**ACTIVITY**
Below is a listing; print exactly its lines from the one containing "我司與臺灣明日之星旅行社簽約" down to the one containing "Porte intérieure en", both inclusive, with every picture left out.

**SUPPLIED MATERIAL**
○ ○ ○ ○ ○

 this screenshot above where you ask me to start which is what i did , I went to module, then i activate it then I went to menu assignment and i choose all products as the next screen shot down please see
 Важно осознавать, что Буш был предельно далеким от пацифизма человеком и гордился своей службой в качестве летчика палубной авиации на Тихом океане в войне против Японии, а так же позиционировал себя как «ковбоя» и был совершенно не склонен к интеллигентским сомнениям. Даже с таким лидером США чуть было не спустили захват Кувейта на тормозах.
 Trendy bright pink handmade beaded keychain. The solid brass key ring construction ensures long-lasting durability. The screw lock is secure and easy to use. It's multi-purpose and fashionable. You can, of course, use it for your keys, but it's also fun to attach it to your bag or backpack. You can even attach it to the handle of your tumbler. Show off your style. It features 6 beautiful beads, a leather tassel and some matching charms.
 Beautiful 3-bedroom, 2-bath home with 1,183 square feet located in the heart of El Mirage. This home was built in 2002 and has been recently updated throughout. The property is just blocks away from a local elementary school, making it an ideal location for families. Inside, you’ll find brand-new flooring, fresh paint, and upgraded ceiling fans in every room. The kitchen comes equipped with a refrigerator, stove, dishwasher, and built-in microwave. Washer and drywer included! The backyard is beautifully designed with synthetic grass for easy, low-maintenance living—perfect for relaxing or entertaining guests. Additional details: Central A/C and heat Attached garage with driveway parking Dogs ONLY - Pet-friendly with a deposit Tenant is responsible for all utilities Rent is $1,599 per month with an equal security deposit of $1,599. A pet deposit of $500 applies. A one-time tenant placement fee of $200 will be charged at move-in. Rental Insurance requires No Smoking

○ ○ ○ ○ ○

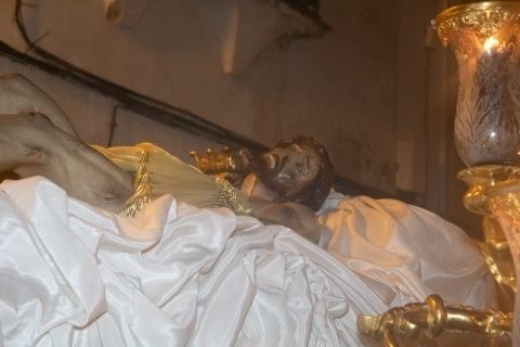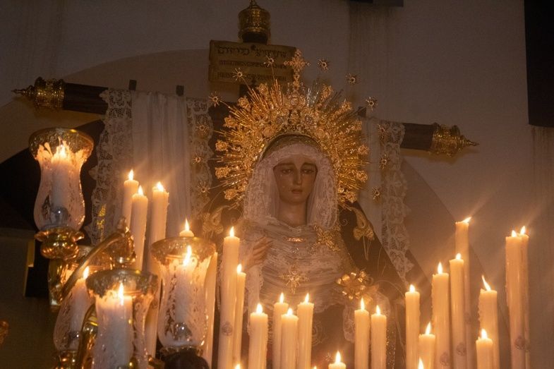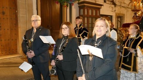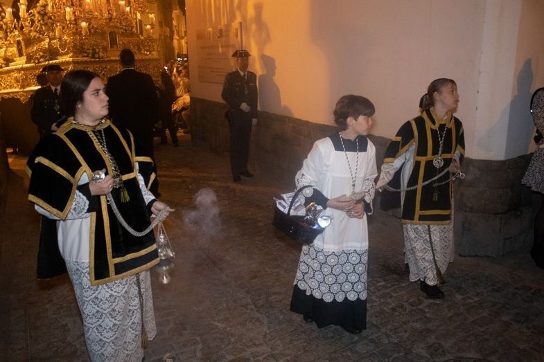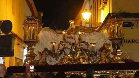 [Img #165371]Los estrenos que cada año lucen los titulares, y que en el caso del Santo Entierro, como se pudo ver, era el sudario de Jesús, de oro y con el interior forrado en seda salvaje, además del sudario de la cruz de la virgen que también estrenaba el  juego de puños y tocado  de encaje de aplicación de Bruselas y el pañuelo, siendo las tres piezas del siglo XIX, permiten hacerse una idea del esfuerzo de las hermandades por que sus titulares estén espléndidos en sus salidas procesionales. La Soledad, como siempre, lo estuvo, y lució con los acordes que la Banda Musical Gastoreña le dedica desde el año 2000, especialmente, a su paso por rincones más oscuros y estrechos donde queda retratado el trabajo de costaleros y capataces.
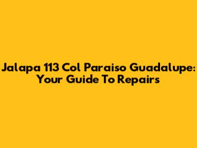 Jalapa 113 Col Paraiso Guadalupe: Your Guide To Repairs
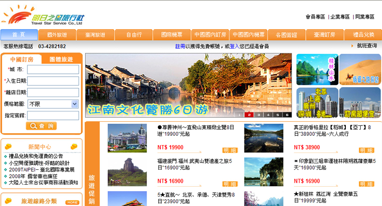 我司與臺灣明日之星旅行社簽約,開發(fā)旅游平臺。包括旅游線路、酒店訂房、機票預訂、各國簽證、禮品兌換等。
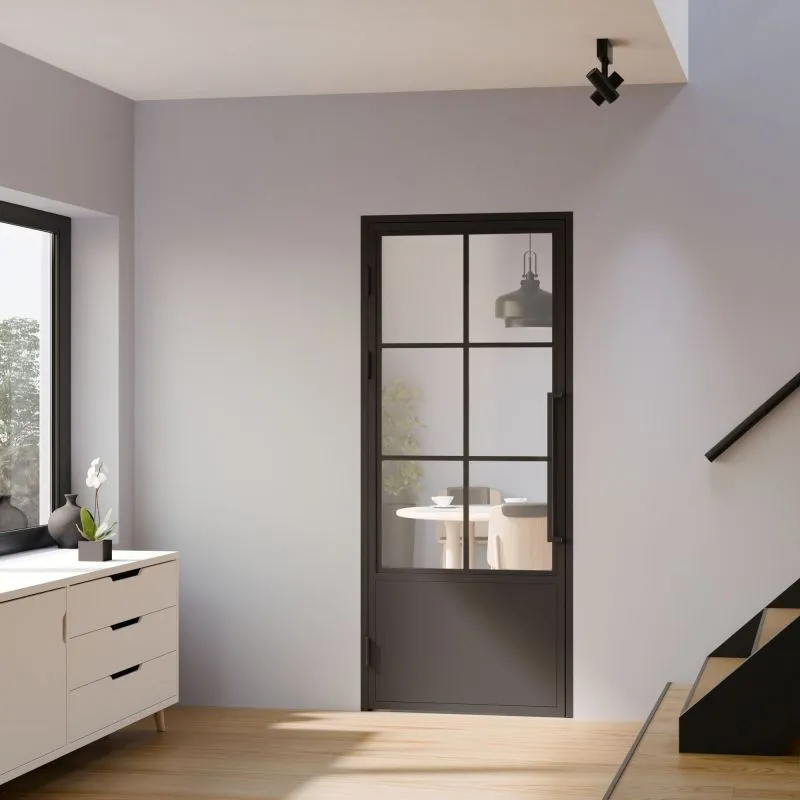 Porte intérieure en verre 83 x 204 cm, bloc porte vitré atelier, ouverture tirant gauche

○ ○ ○ ○ ○

**RESULT FOR THIS TASK**
 我司與臺灣明日之星旅行社簽約,開發(fā)旅游平臺。包括旅游線路、酒店訂房、機票預訂、各國簽證、禮品兌換等。
 Porte intérieure en verre 83 x 204 cm, bloc porte vitré atelier, ouverture tirant gauche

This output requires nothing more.